━━━ RECORDS FOR THE EXERCISE ━━━

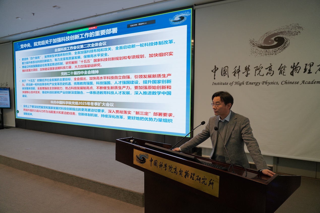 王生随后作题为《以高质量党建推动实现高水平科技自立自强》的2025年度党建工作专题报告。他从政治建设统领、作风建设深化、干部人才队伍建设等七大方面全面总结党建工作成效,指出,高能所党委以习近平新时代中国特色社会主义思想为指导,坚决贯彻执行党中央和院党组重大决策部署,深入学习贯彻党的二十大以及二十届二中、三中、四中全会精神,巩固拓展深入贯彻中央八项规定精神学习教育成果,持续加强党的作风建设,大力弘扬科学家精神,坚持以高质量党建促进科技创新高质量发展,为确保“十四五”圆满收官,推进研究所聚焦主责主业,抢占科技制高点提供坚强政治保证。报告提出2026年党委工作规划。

━━━
━━━ RECORDS FOR THE EXERCISE ━━━

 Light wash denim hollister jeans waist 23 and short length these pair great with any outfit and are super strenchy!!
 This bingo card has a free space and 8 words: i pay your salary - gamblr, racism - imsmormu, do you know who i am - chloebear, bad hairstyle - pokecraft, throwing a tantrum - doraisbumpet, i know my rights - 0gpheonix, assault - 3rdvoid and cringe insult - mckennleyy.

━━━
━━━ RECORDS FOR THE EXERCISE ━━━

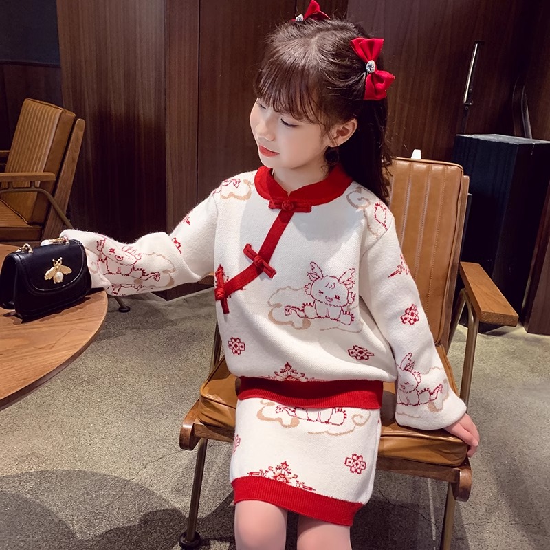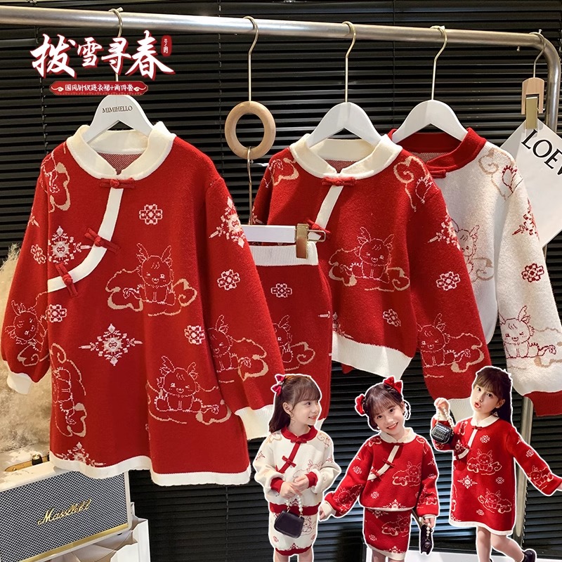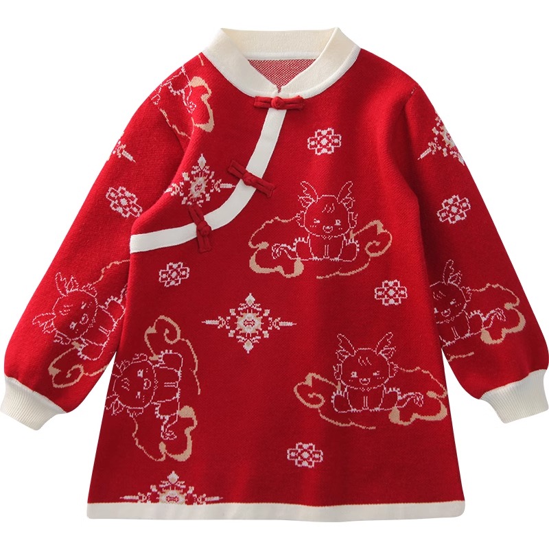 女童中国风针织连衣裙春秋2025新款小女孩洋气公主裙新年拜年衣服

━━━

**WORK REQUEST**
From the entries above, write out only the lines starting at the line that holds "Light wash denim" and ending at the line that holds "This bingo card", keeping both and matching them exactly.

**RESPONSE BOX**
 Light wash denim hollister jeans waist 23 and short length these pair great with any outfit and are super strenchy!!
 This bingo card has a free space and 8 words: i pay your salary - gamblr, racism - imsmormu, do you know who i am - chloebear, bad hairstyle - pokecraft, throwing a tantrum - doraisbumpet, i know my rights - 0gpheonix, assault - 3rdvoid and cringe insult - mckennleyy.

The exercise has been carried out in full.